• Your goal
Pictures in the listing do not belong in the copy, which should repeat exactly the lines from the one holding "野(11画)久(3画)尾(7画) 一(1画)花(8画)" through the last line.

• Exercise data

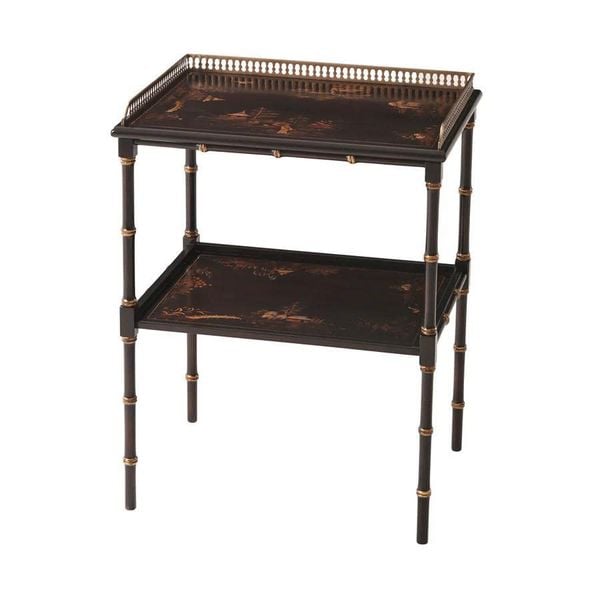 Chiếc bàn gỗ 2 tầng này mang phong cách cổ điển châu Âu, nổi bật với chi tiết viền đồng quanh mặt bàn trên, tạo điểm nhấn sang trọng và tinh tế. Thiết kế thanh thoát, gọn gàng, nhưng vẫn bộc lộ sự chắc chắn và tinh xảo trong từng chi tiết.
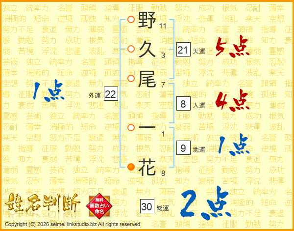 野(11画)久(3画)尾(7画) 一(1画)花(8画)
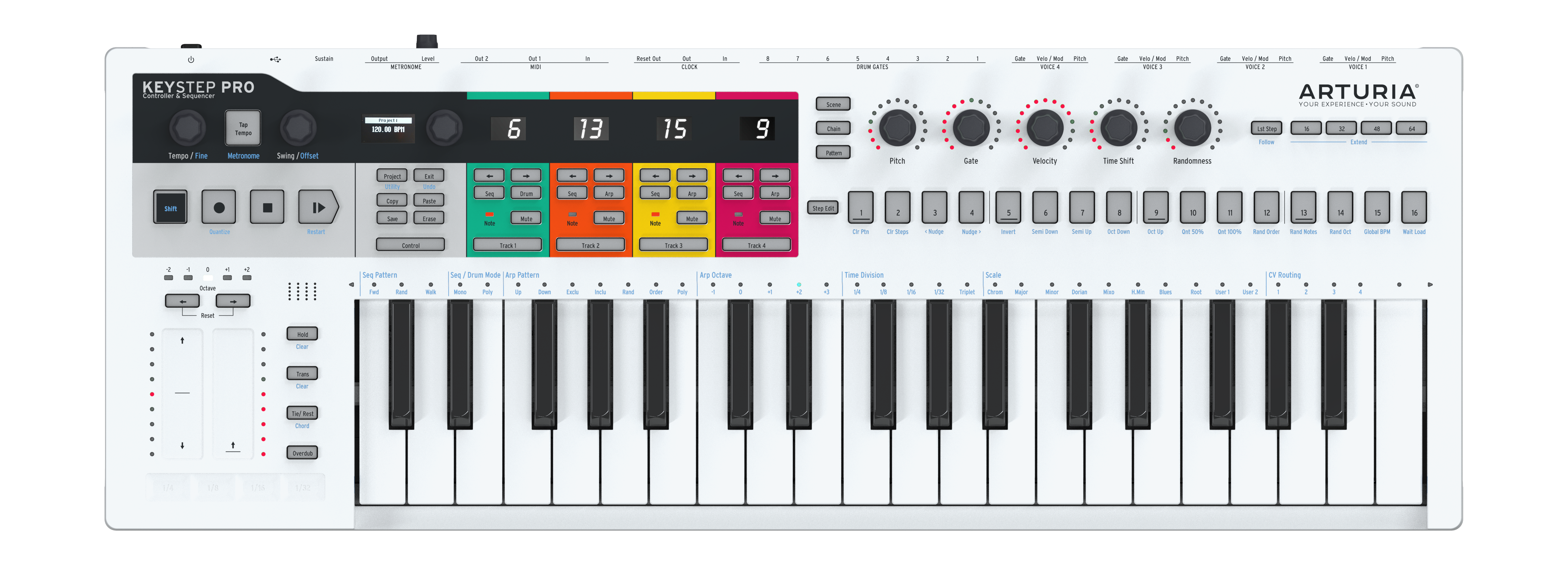 KeyStep Pro ist ein 37-Tasten-MIDI-Controller und mehrkanaliger polyphoner Sequenzer in einem. Er ermöglicht es Ihnen, ihre modularen Rigs, Outboard-Synths und ihr Software-Studio gleichzeitig zu steuern. Die 4 unabhängigen polyphonen Sequenzer-Spuren geben Ihnen die volle Kontrolle über Ihre Instrumente. Die erste Spur kann auch als Drum-Sequenzer mit 16 Parts genutzt werden. Er ist unglaublich intuitiv, verfügt über unvergleichliche Anschlussmöglichkeiten und lässt selbst komplexe Performances zum Kinderspiel werden.

• Expected answer
 野(11画)久(3画)尾(7画) 一(1画)花(8画)
 KeyStep Pro ist ein 37-Tasten-MIDI-Controller und mehrkanaliger polyphoner Sequenzer in einem. Er ermöglicht es Ihnen, ihre modularen Rigs, Outboard-Synths und ihr Software-Studio gleichzeitig zu steuern. Die 4 unabhängigen polyphonen Sequenzer-Spuren geben Ihnen die volle Kontrolle über Ihre Instrumente. Die erste Spur kann auch als Drum-Sequenzer mit 16 Parts genutzt werden. Er ist unglaublich intuitiv, verfügt über unvergleichliche Anschlussmöglichkeiten und lässt selbst komplexe Performances zum Kinderspiel werden.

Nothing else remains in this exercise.